◆ Data shown ◆
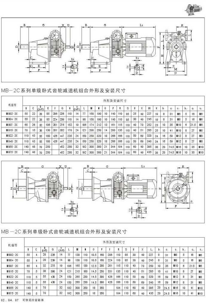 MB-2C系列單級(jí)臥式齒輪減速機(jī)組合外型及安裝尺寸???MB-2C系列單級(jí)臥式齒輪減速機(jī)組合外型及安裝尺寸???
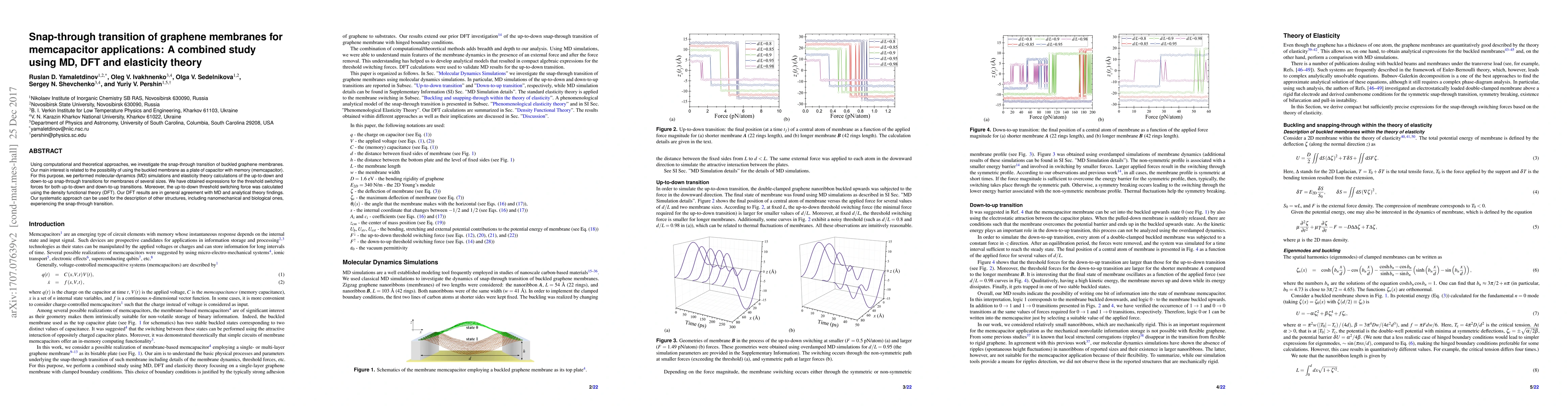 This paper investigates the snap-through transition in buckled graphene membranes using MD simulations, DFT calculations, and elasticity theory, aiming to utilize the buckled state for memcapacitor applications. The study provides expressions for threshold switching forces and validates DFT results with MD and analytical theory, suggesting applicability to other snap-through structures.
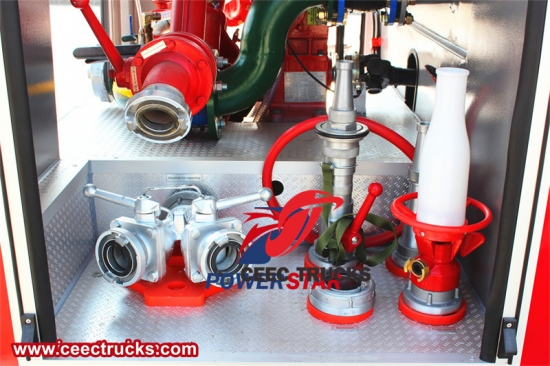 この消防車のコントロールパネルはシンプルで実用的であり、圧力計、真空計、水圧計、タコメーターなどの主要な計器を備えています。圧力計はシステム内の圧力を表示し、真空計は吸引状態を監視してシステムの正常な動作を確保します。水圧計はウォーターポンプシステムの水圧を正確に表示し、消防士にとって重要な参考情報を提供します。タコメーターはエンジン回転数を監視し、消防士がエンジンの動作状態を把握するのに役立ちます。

---

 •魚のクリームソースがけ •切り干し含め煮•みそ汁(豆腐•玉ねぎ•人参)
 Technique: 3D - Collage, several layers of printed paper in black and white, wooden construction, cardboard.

...

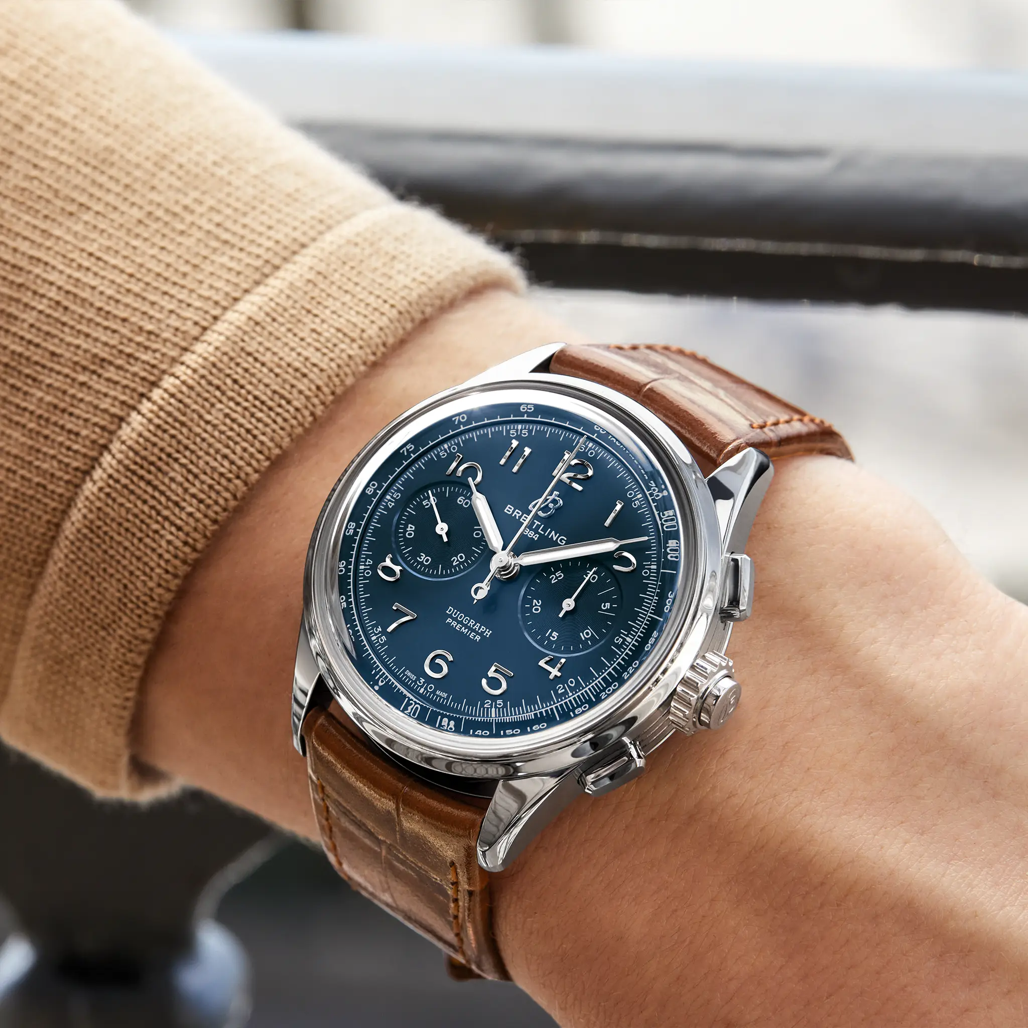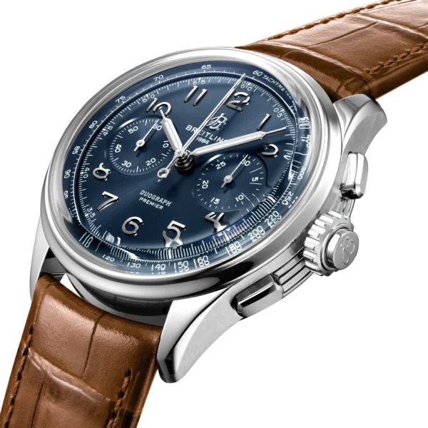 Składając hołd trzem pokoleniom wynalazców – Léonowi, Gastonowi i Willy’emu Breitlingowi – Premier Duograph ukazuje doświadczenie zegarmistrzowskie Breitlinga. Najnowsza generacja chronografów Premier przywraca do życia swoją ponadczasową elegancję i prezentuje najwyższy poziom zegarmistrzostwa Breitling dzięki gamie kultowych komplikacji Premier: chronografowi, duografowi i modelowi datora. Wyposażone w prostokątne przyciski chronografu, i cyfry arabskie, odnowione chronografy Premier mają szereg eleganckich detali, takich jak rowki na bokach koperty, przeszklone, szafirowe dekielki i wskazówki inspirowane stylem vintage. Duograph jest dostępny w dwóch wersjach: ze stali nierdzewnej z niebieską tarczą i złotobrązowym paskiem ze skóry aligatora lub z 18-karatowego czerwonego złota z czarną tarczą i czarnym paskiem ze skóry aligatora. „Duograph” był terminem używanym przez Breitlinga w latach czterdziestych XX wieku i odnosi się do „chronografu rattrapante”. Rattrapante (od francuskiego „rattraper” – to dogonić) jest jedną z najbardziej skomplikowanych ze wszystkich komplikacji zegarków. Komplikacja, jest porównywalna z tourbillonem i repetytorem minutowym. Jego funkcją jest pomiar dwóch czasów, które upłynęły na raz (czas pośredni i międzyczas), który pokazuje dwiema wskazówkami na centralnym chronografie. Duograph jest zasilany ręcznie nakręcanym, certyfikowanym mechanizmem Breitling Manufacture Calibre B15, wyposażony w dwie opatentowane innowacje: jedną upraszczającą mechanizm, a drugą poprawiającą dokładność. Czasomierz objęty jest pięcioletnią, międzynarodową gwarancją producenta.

◆ Directions for this task ◆
Between and including the line with "This paper investigates" and the line with "この消防車のコントロールパネ", repeat every line exactly as it appears above, with pictures left out.

◆ Exercise result ◆
 This paper investigates the snap-through transition in buckled graphene membranes using MD simulations, DFT calculations, and elasticity theory, aiming to utilize the buckled state for memcapacitor applications. The study provides expressions for threshold switching forces and validates DFT results with MD and analytical theory, suggesting applicability to other snap-through structures.
 この消防車のコントロールパネルはシンプルで実用的であり、圧力計、真空計、水圧計、タコメーターなどの主要な計器を備えています。圧力計はシステム内の圧力を表示し、真空計は吸引状態を監視してシステムの正常な動作を確保します。水圧計はウォーターポンプシステムの水圧を正確に表示し、消防士にとって重要な参考情報を提供します。タコメーターはエンジン回転数を監視し、消防士がエンジンの動作状態を把握するのに役立ちます。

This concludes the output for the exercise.